Originally Posted by Ekco [You must be logged in to view images. Log in or Register.]

It actually isn't, I went and scrolled the paper lol

You're misunderstanding the point of the paper.

I'm not saying these researchers are everyday users.

These are the exact senior scientists at Google DeepMind who build and evaluate Gemini.

The chart isn't supposed to show how a casual user prompts a model; it's a technical evaluation from the actual creators of the AI showing how the underlying architecture behaves.

They absolutely 'matter' because they build the tech.
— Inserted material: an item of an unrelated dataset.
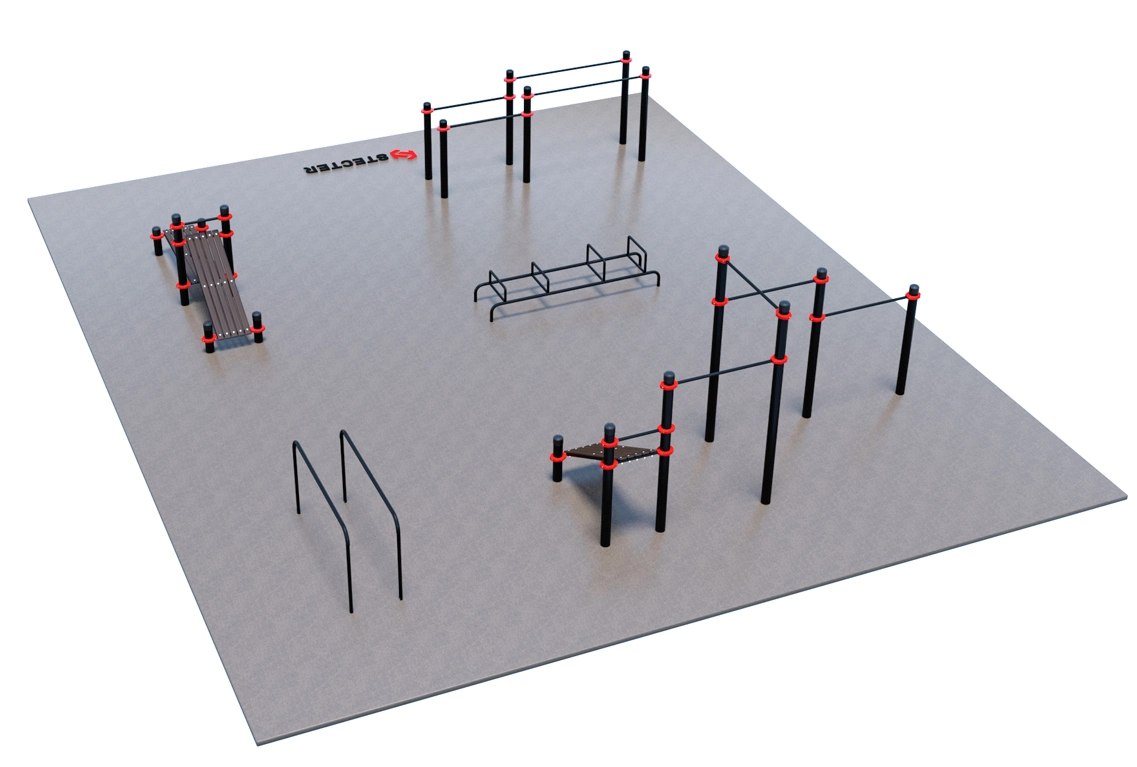 Данный проект парковой площадки укомплектован спортивными комплексами:

Ekco · #**802** Today, 01:17 AM

My beef is with the METR graph which isn't mentioned once in the paper nor are they, its a sensational Berkeley nonprofit writing disingenuous misleading tests to show the outcome they want, working backwards from ai in scifi scary so we should stop just like they work backward from cows fart too much so you shouldn't be allowed to have a hamburger

[You must be logged in to view images. Log in or Register.]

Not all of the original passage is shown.